**Task directions:** Exact copy, pictures excluded: please retype every record below.

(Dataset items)
*** Block opens ***

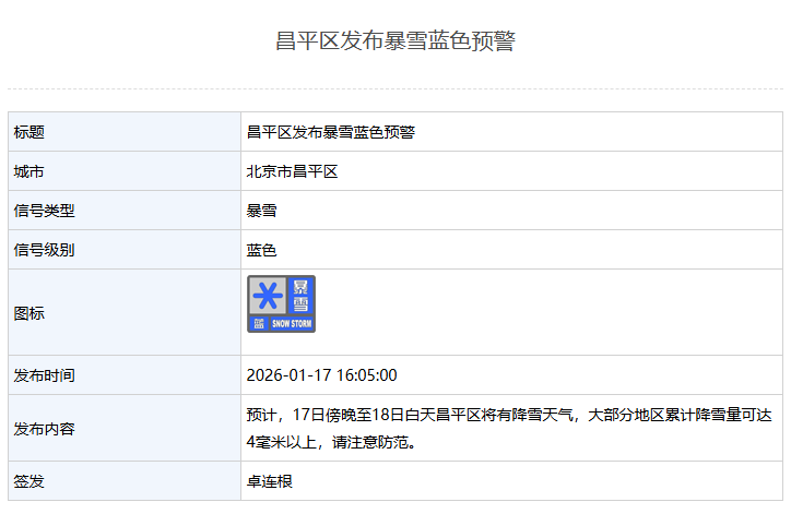 昌平區(qū)發(fā)布暴雪藍(lán)色預(yù)警
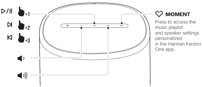 If you also use other Harman Kardon speakers, like the Onyx Studio series, you can check its guide here: Harman Kardon Onyx Studio Wireless Speaker Manual. Stream music through the Harman Kardon One app or supported music services.
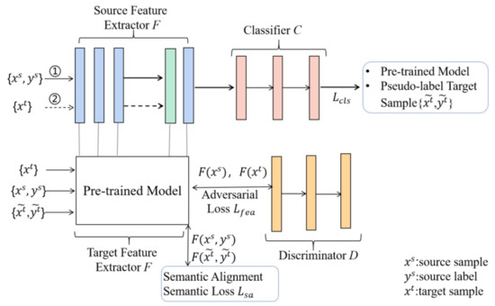 where denotes the volume of samples in each batch, and represents a learning rate. In class center semantic alignment, we need to know the pseudo-label of a sample in the target domain to obtain center alignment. We define as the probability in which belongs to the c-th class. We get the pseudo labels by the following steps. Firstly, the model is trained with the labeled data in the source domain. Secondly, we predict the labels of the target domain by the use of the trained model. The pseudo label corresponding to sample is calculated by . The class label of is determined by the label with the maximum probability.
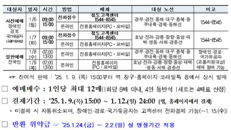 | 설승차권 예매 1/8일 오전 7시 | KTX 경부선 경전선 동해 대구 충북 중부내륙 경북 동해선 (2) | 2025.01.01 |
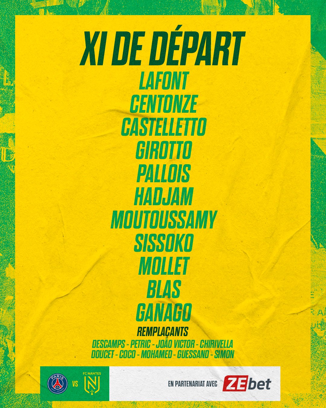في حين، جاء تشكيل باريس سان جيرمان لمباراة نانت، والذي أعلنه كريستوف جالتيير، المدير الفني للفريق البارسي، كالتالي:
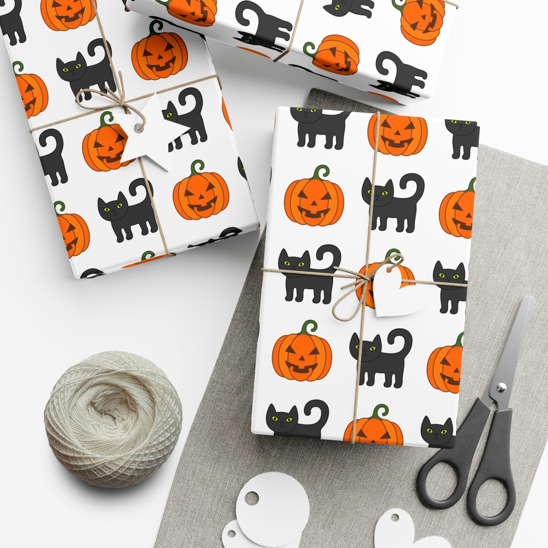 With its crisp white background, this gift wrap serves as the perfect canvas for our smiling orange jack o lanterns and playful black cats. Each print is designed with intricate detail, capturing the mischievous and lovable nature of our feline friends. You'll find yourself smiling as you wrap each gift, imagining the joy it will bring to the recipient.

*** Block closes ***

**Output for this exercise:**
 昌平區(qū)發(fā)布暴雪藍(lán)色預(yù)警
 If you also use other Harman Kardon speakers, like the Onyx Studio series, you can check its guide here: Harman Kardon Onyx Studio Wireless Speaker Manual. Stream music through the Harman Kardon One app or supported music services.
 where denotes the volume of samples in each batch, and represents a learning rate. In class center semantic alignment, we need to know the pseudo-label of a sample in the target domain to obtain center alignment. We define as the probability in which belongs to the c-th class. We get the pseudo labels by the following steps. Firstly, the model is trained with the labeled data in the source domain. Secondly, we predict the labels of the target domain by the use of the trained model. The pseudo label corresponding to sample is calculated by . The class label of is determined by the label with the maximum probability.
 | 설승차권 예매 1/8일 오전 7시 | KTX 경부선 경전선 동해 대구 충북 중부내륙 경북 동해선 (2) | 2025.01.01 |
في حين، جاء تشكيل باريس سان جيرمان لمباراة نانت، والذي أعلنه كريستوف جالتيير، المدير الفني للفريق البارسي، كالتالي:
 With its crisp white background, this gift wrap serves as the perfect canvas for our smiling orange jack o lanterns and playful black cats. Each print is designed with intricate detail, capturing the mischievous and lovable nature of our feline friends. You'll find yourself smiling as you wrap each gift, imagining the joy it will bring to the recipient.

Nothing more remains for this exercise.